■ **MATERIAL FOR THIS TASK**:
== == ==

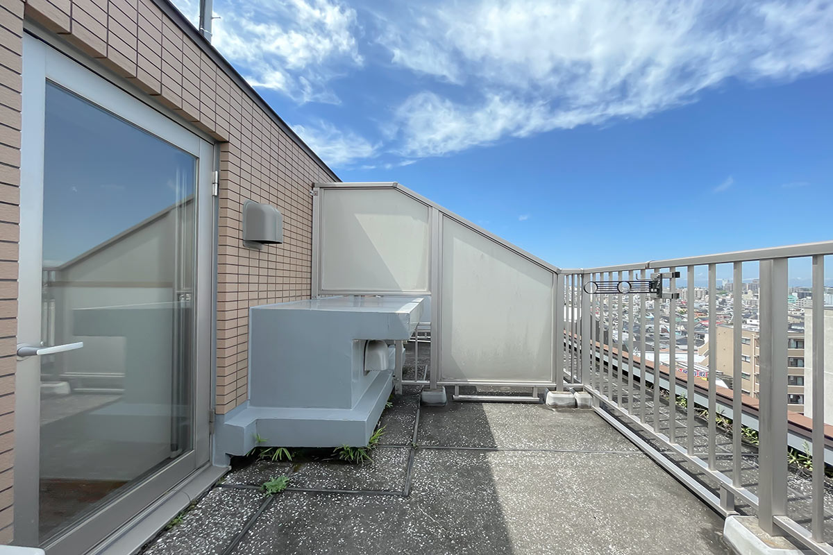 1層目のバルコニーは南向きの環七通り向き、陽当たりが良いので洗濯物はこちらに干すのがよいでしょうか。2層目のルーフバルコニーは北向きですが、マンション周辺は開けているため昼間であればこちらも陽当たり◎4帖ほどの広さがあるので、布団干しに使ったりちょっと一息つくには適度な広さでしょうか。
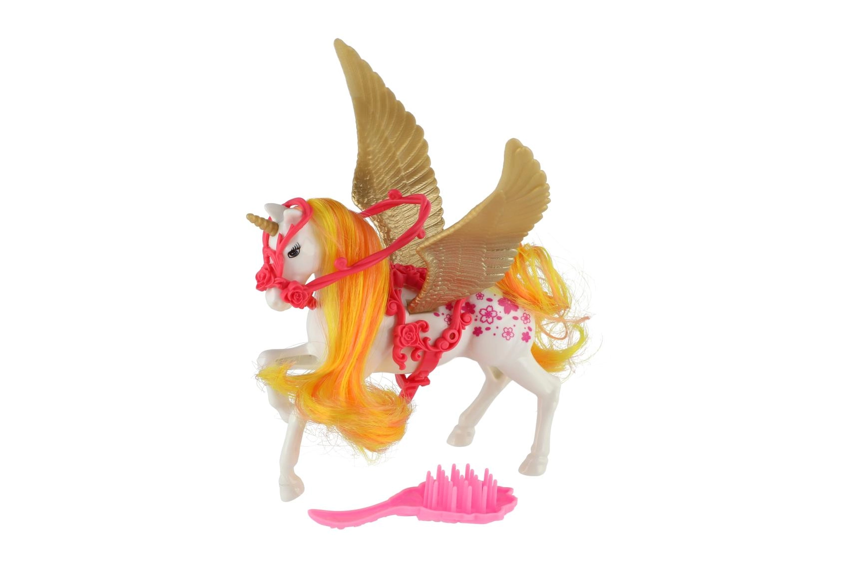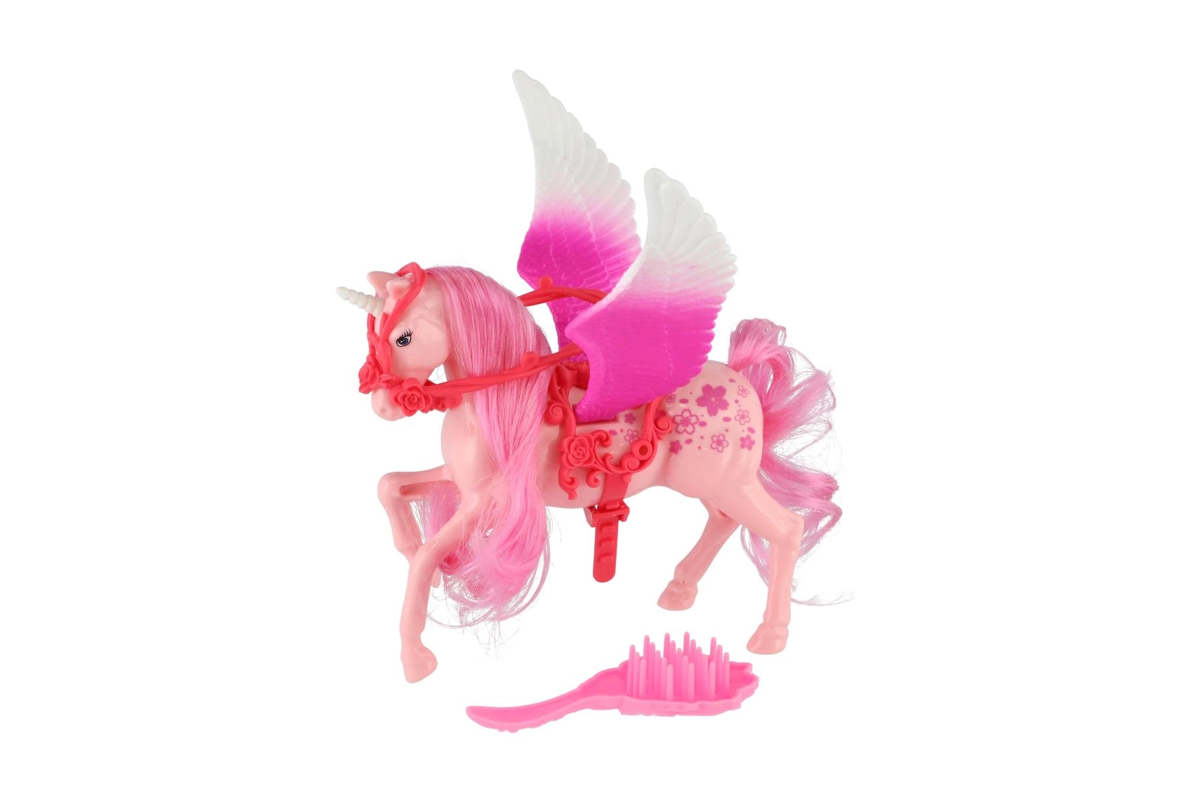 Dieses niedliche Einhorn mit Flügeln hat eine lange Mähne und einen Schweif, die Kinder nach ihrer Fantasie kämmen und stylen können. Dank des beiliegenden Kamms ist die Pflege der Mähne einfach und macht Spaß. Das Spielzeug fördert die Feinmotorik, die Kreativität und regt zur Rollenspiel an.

== == ==

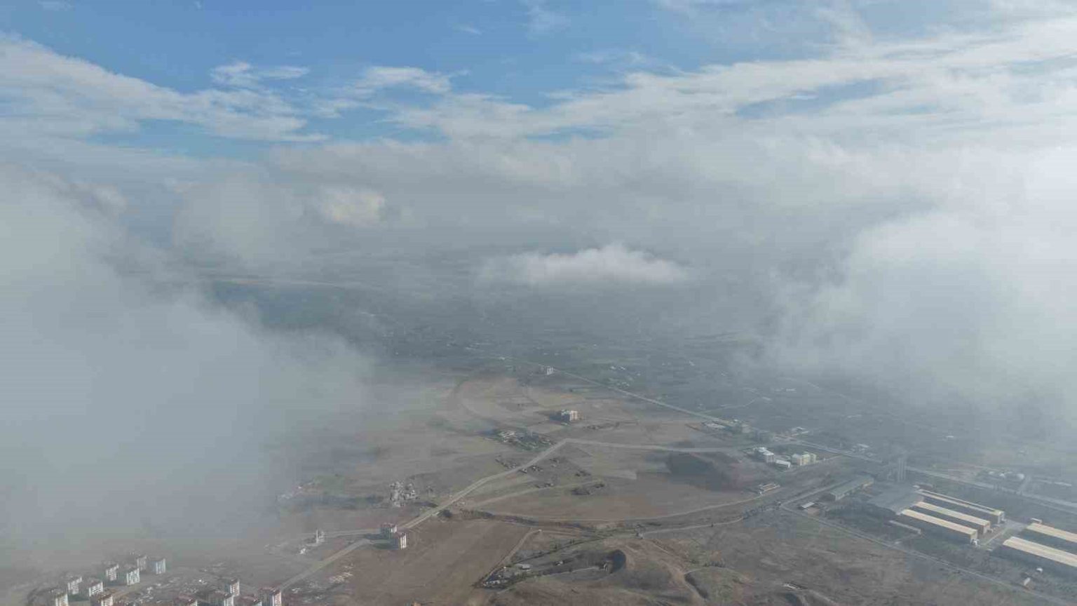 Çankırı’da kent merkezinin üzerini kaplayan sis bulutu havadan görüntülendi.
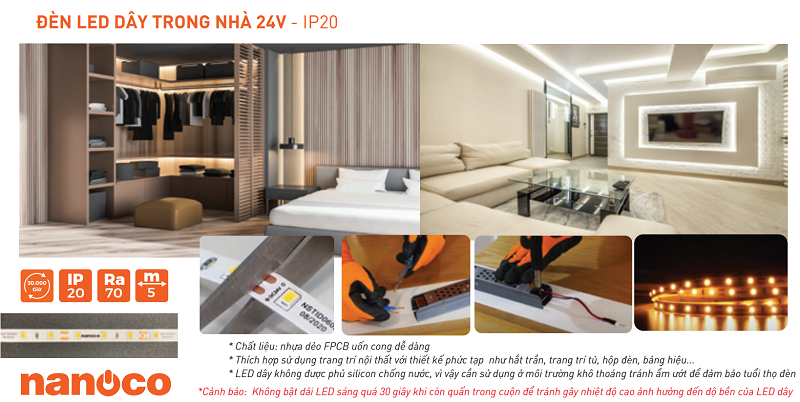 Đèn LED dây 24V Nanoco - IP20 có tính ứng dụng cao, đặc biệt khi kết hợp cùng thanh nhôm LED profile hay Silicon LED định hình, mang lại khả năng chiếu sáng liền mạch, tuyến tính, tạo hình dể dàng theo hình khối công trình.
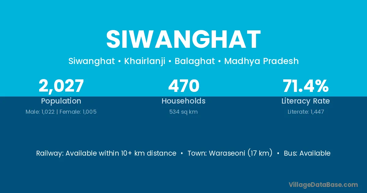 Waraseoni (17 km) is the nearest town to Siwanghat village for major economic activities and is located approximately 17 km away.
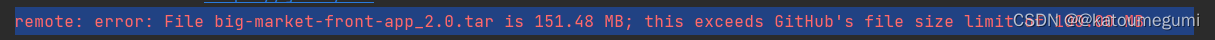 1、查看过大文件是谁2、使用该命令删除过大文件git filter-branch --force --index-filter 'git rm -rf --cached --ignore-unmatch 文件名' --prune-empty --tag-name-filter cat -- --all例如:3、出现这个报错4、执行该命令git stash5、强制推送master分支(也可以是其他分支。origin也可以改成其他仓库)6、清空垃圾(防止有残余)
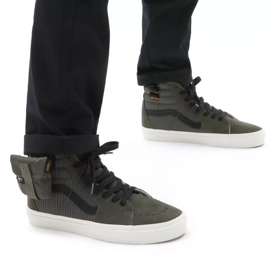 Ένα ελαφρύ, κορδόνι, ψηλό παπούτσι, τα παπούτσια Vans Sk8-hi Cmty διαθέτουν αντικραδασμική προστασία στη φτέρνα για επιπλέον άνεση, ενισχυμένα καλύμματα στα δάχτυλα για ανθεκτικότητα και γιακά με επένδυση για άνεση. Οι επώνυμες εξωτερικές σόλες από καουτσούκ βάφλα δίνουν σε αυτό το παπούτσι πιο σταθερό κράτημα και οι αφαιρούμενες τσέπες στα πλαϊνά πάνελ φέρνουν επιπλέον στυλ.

== == ==

■ **WORK TASK**: Write out exactly the lines above between the one with "1層目のバルコニーは南向きの" and the one with "Dieses niedliche Einhorn", inclusive, with pictures left out.

■ **TASK SOLUTION**:
 1層目のバルコニーは南向きの環七通り向き、陽当たりが良いので洗濯物はこちらに干すのがよいでしょうか。2層目のルーフバルコニーは北向きですが、マンション周辺は開けているため昼間であればこちらも陽当たり◎4帖ほどの広さがあるので、布団干しに使ったりちょっと一息つくには適度な広さでしょうか。
 Dieses niedliche Einhorn mit Flügeln hat eine lange Mähne und einen Schweif, die Kinder nach ihrer Fantasie kämmen und stylen können. Dank des beiliegenden Kamms ist die Pflege der Mähne einfach und macht Spaß. Das Spielzeug fördert die Feinmotorik, die Kreativität und regt zur Rollenspiel an.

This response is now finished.